# [HOW TO COMPLETE THIS TASK]
Please copy out the entries exactly, skipping any pictures.

# [DATA]
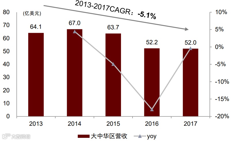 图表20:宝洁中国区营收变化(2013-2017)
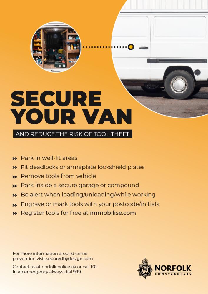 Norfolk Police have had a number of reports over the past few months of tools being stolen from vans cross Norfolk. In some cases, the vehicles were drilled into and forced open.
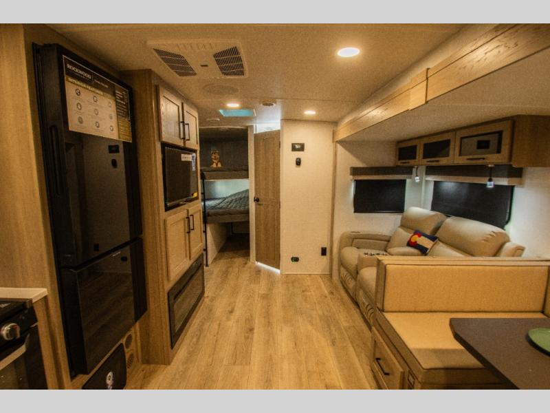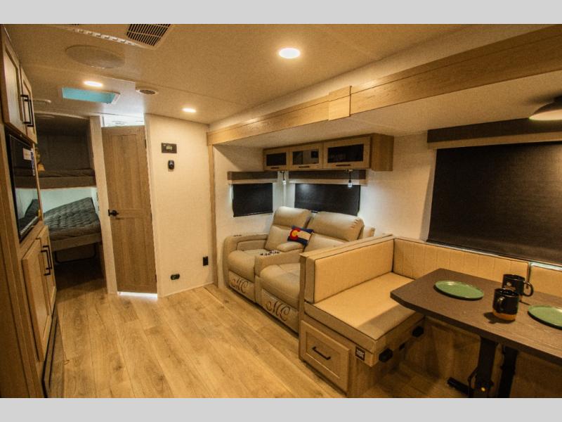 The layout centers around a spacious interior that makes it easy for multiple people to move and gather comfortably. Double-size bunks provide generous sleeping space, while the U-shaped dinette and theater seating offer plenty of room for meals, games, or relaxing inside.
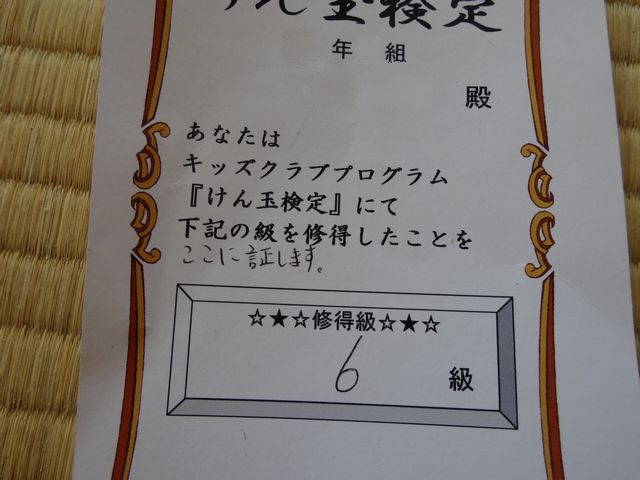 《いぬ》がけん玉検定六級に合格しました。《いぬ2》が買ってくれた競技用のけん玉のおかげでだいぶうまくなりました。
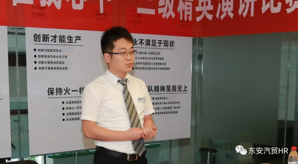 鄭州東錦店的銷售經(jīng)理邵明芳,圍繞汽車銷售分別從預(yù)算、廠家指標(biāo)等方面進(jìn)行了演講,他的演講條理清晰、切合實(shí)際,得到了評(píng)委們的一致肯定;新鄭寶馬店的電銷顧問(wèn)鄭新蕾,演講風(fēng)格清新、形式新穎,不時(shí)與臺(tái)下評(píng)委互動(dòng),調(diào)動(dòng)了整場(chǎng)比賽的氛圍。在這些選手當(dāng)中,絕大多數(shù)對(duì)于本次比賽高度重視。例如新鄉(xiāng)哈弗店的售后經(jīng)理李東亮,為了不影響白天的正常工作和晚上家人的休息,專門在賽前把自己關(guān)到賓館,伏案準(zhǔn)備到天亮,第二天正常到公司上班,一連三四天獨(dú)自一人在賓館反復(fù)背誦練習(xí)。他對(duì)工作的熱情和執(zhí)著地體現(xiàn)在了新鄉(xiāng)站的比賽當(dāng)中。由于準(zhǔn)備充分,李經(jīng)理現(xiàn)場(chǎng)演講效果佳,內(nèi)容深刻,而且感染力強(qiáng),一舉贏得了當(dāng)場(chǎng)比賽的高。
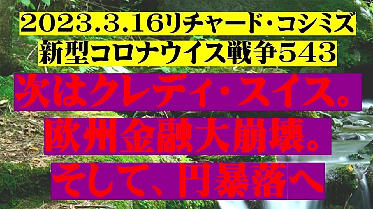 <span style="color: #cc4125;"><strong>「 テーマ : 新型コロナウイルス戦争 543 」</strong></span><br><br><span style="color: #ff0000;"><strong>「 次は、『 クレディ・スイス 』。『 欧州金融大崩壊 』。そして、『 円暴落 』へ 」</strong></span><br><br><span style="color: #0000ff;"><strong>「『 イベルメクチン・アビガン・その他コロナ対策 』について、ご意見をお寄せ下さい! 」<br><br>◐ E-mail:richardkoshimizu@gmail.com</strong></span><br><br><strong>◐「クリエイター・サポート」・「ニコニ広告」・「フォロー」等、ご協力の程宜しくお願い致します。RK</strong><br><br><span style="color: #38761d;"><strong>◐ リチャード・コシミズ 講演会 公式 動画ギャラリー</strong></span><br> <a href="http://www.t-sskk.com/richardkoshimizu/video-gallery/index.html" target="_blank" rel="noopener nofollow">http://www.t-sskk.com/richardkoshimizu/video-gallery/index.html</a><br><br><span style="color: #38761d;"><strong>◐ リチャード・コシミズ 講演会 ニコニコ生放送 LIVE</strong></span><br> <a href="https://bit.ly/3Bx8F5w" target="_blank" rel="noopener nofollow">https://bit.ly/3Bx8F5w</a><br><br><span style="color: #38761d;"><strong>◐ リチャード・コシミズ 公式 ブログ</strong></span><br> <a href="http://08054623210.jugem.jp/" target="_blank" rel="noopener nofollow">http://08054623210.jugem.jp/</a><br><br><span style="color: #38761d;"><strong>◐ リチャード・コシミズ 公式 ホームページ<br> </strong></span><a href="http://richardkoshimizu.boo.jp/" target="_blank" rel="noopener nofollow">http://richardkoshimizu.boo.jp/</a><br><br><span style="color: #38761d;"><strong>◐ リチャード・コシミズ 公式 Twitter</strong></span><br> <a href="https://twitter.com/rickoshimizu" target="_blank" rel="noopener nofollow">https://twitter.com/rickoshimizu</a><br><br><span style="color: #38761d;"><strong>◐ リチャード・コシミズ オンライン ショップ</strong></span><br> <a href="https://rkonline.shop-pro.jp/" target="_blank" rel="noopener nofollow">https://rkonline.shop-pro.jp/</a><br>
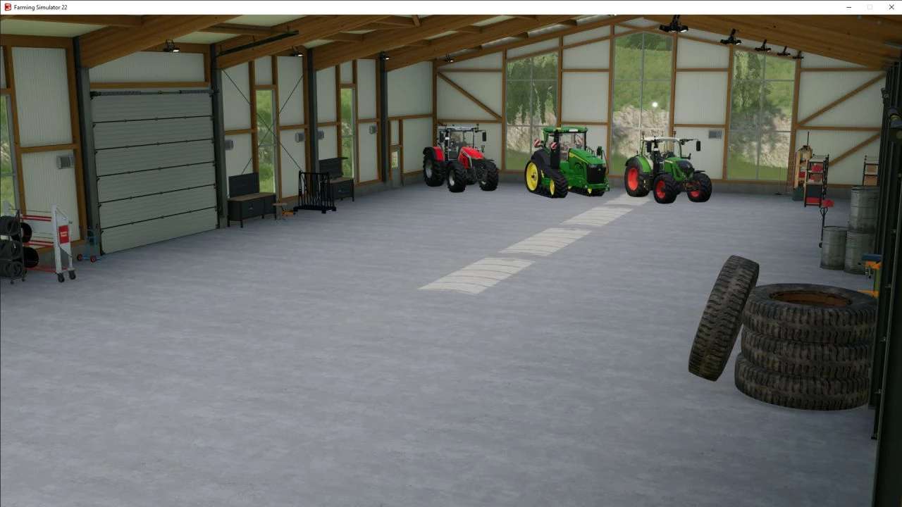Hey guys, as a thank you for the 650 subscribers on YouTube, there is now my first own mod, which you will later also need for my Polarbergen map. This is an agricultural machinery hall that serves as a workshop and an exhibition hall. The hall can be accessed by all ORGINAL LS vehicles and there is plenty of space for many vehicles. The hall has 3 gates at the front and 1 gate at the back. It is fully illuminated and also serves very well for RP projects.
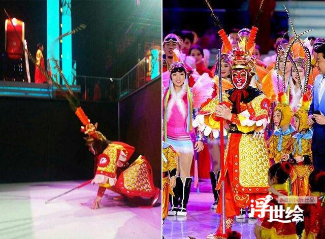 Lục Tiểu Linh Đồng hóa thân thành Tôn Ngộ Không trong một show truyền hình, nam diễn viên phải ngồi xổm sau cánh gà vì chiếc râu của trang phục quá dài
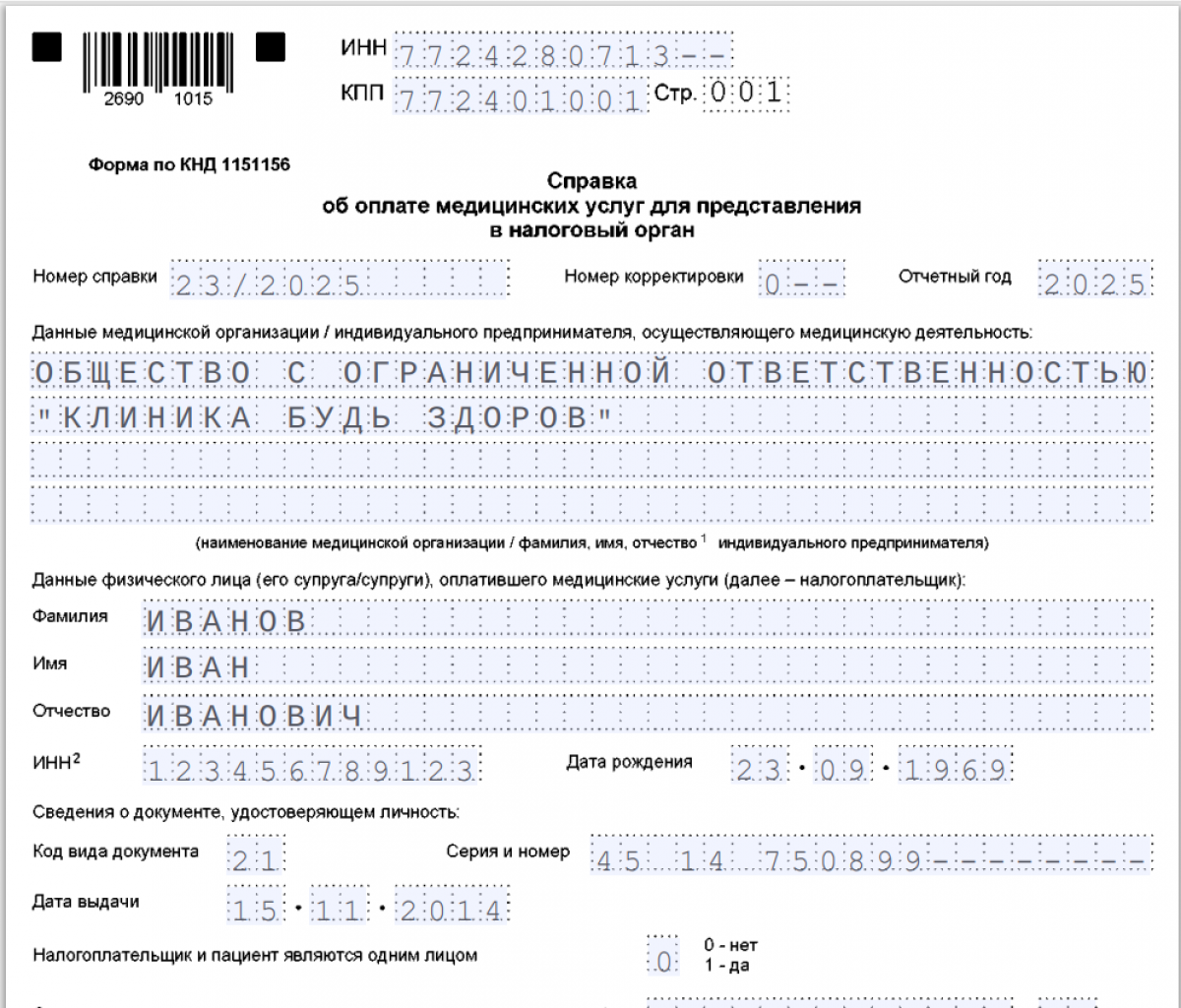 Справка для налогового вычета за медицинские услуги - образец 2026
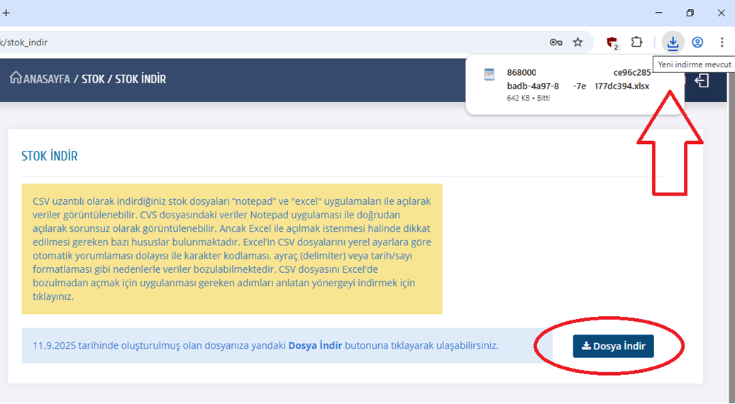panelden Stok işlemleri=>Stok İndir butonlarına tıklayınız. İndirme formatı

# [ANSWER SPACE]
 图表20:宝洁中国区营收变化(2013-2017)
 Norfolk Police have had a number of reports over the past few months of tools being stolen from vans cross Norfolk. In some cases, the vehicles were drilled into and forced open.
 The layout centers around a spacious interior that makes it easy for multiple people to move and gather comfortably. Double-size bunks provide generous sleeping space, while the U-shaped dinette and theater seating offer plenty of room for meals, games, or relaxing inside.
 《いぬ》がけん玉検定六級に合格しました。《いぬ2》が買ってくれた競技用のけん玉のおかげでだいぶうまくなりました。
 鄭州東錦店的銷售經(jīng)理邵明芳,圍繞汽車銷售分別從預(yù)算、廠家指標(biāo)等方面進(jìn)行了演講,他的演講條理清晰、切合實(shí)際,得到了評(píng)委們的一致肯定;新鄭寶馬店的電銷顧問(wèn)鄭新蕾,演講風(fēng)格清新、形式新穎,不時(shí)與臺(tái)下評(píng)委互動(dòng),調(diào)動(dòng)了整場(chǎng)比賽的氛圍。在這些選手當(dāng)中,絕大多數(shù)對(duì)于本次比賽高度重視。例如新鄉(xiāng)哈弗店的售后經(jīng)理李東亮,為了不影響白天的正常工作和晚上家人的休息,專門在賽前把自己關(guān)到賓館,伏案準(zhǔn)備到天亮,第二天正常到公司上班,一連三四天獨(dú)自一人在賓館反復(fù)背誦練習(xí)。他對(duì)工作的熱情和執(zhí)著地體現(xiàn)在了新鄉(xiāng)站的比賽當(dāng)中。由于準(zhǔn)備充分,李經(jīng)理現(xiàn)場(chǎng)演講效果佳,內(nèi)容深刻,而且感染力強(qiáng),一舉贏得了當(dāng)場(chǎng)比賽的高。
 <span style="color: #cc4125;"><strong>「 テーマ : 新型コロナウイルス戦争 543 」</strong></span><br><br><span style="color: #ff0000;"><strong>「 次は、『 クレディ・スイス 』。『 欧州金融大崩壊 』。そして、『 円暴落 』へ 」</strong></span><br><br><span style="color: #0000ff;"><strong>「『 イベルメクチン・アビガン・その他コロナ対策 』について、ご意見をお寄せ下さい! 」<br><br>◐ E-mail:richardkoshimizu@gmail.com</strong></span><br><br><strong>◐「クリエイター・サポート」・「ニコニ広告」・「フォロー」等、ご協力の程宜しくお願い致します。RK</strong><br><br><span style="color: #38761d;"><strong>◐ リチャード・コシミズ 講演会 公式 動画ギャラリー</strong></span><br> <a href="http://www.t-sskk.com/richardkoshimizu/video-gallery/index.html" target="_blank" rel="noopener nofollow">http://www.t-sskk.com/richardkoshimizu/video-gallery/index.html</a><br><br><span style="color: #38761d;"><strong>◐ リチャード・コシミズ 講演会 ニコニコ生放送 LIVE</strong></span><br> <a href="https://bit.ly/3Bx8F5w" target="_blank" rel="noopener nofollow">https://bit.ly/3Bx8F5w</a><br><br><span style="color: #38761d;"><strong>◐ リチャード・コシミズ 公式 ブログ</strong></span><br> <a href="http://08054623210.jugem.jp/" target="_blank" rel="noopener nofollow">http://08054623210.jugem.jp/</a><br><br><span style="color: #38761d;"><strong>◐ リチャード・コシミズ 公式 ホームページ<br> </strong></span><a href="http://richardkoshimizu.boo.jp/" target="_blank" rel="noopener nofollow">http://richardkoshimizu.boo.jp/</a><br><br><span style="color: #38761d;"><strong>◐ リチャード・コシミズ 公式 Twitter</strong></span><br> <a href="https://twitter.com/rickoshimizu" target="_blank" rel="noopener nofollow">https://twitter.com/rickoshimizu</a><br><br><span style="color: #38761d;"><strong>◐ リチャード・コシミズ オンライン ショップ</strong></span><br> <a href="https://rkonline.shop-pro.jp/" target="_blank" rel="noopener nofollow">https://rkonline.shop-pro.jp/</a><br>
Hey guys, as a thank you for the 650 subscribers on YouTube, there is now my first own mod, which you will later also need for my Polarbergen map. This is an agricultural machinery hall that serves as a workshop and an exhibition hall. The hall can be accessed by all ORGINAL LS vehicles and there is plenty of space for many vehicles. The hall has 3 gates at the front and 1 gate at the back. It is fully illuminated and also serves very well for RP projects.
 Lục Tiểu Linh Đồng hóa thân thành Tôn Ngộ Không trong một show truyền hình, nam diễn viên phải ngồi xổm sau cánh gà vì chiếc râu của trang phục quá dài
 Справка для налогового вычета за медицинские услуги - образец 2026
panelden Stok işlemleri=>Stok İndir butonlarına tıklayınız. İndirme formatı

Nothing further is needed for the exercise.